The global economy is being weighed down by a debt problem that took over two decades to create. The leverage that has been built up in the system will not unwind for years to come, and it will continue to lead to significant uncertainty and market volatility. Over the past 35 years, global policy has been to increase sovereign debt with each problem. We believe that sovereign balance sheets do not have room for further expansion. The inability for sovereigns to lever-up leaves economies venerable to exogenous shocks. This risk of shocks will force monetary policy all over the global to remain accommodative.
As central banks drive down short-term rates to deal with high debt levels and low growth rates, investors have to go out the risk spectrum in search of yield.
As sovereign debt is losing its perceived "risk-free" label, we think that investors should focus on generating yield from high-quality dividend stocks. As opposed to government bonds, which simply provide a fixed rate of return over bonds held to maturity, corporate management teams are focused on building shareholder value. We remain defensive and advocate an income portfolio focused on:
- High quality, low beta dividend stocks - As shown in the table below, PE ratios remain modest for many high quality U.S. companies, and our focus is on companies that have pricing power and can survive in a low growth environment.

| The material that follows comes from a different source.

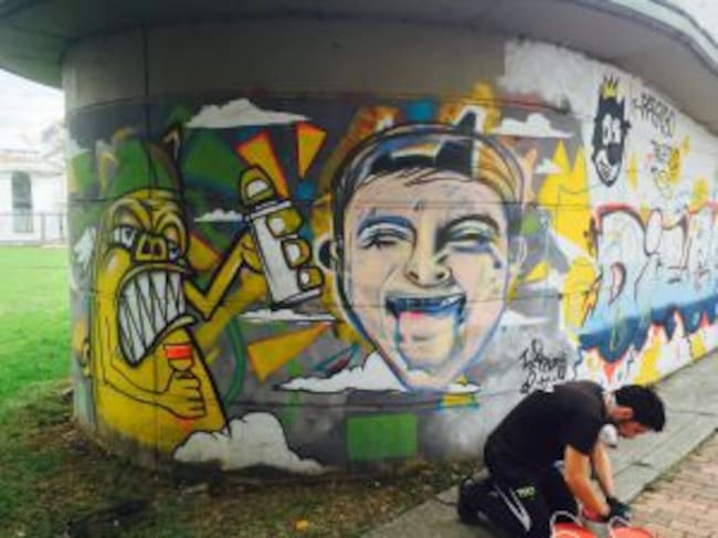 "Hoy fueron convocados alrededor de 120 grafiteros, la idea es terminar de decorar el puente con obras de ellos, es un acto conmemorativo al derecho a la vida, al derecho al arte que no es un delito", manifestó Gustavo Trejos, padrastro de Diego Felipe Becerra.

- High yield stocks that will perform in a slow growth, low interest rate environment (e.g., mortgage REITs). We currently believe that agency mREITs offer investors the best risk reward in the space. Note: We recently wrote a more detailed article advocating mortgage REITs in a slow growth environment (High Yield In A Slow-Growth World: Mortgage REITs).
Below is a sample list of high-quality stocks that should continue to generate stable income during the "Great Deleveraging."
While this is not an exhaustive list of high-quality dividend stocks, this sample portfolio would yield 5.9% with an average beta of 0.43. In addition, all of these stocks are in defensive industries and they have P/E ratios below 20.
Due to the current market rally (which we believe will be short lived), investors should consider waiting for a pullback in these stocks to enter a new position or to add to an existing position.
Most of the stocks above are currently in a positive uptrend. As such, investors should be looking for near-term areas of support as potential entry points. Below are a couple of examples:
Abbott (ABT) should get some decent support at the $54.00 level. As shown in the chart above, the stock recently broke below the 50-day moving average and it is entering the high-end of our "buy zone." Additional support will likely be found at the 200-day moving average ($52.09).
Buy Zone: $52.00-$54.00
Altria (MO) has been trading in an upward range the past few months, and we believe that this trend will continue for the stock as investors continue to seek good risk-adjusted yield in a low interest rate environment. That said, the stock should continue to get downward support around the 50-day moving average ($28.82), and we think that investors should consider buying MO on any further dips.
Buy Zone: $27.25-$28.25
Annaly Capital Management (NLY) recently broke above the top part of its recent trading range. This breakout was driven by the Fed's recent announcement to keep interest rates low through the end of 2014, which is positive for mREITs. Since then the stock has retreated as the company announced that spreads have narrowed (due to a reduction in leverage). The stock should get near-term support from its 50-day ($16.28) and 200-day ($16.26) moving averages.
Buy Zone: $16.00-$16.50
While AT&T (T) has been range-bound the past few months, the stock traded back above $30.00 a few weeks ago for the first time since July. Even though the stock is now consolidating in the $30.00 area, we think that AT&T will continue its long-term uptrend, and we would be a buyer on any further dips. The 50-day and 200-day moving averages are converging around the $29.00 level, and we think that the stock will get very strong support here.
Buy Zone is $28.25-$29.25.
Southern Company (SO) is in a very strong uptrend, and we think that it should continue on this path for the foreseeable future. The stock is currently getting support at the 50-day moving average ($44.58) and we would be a buyer on any further pullback.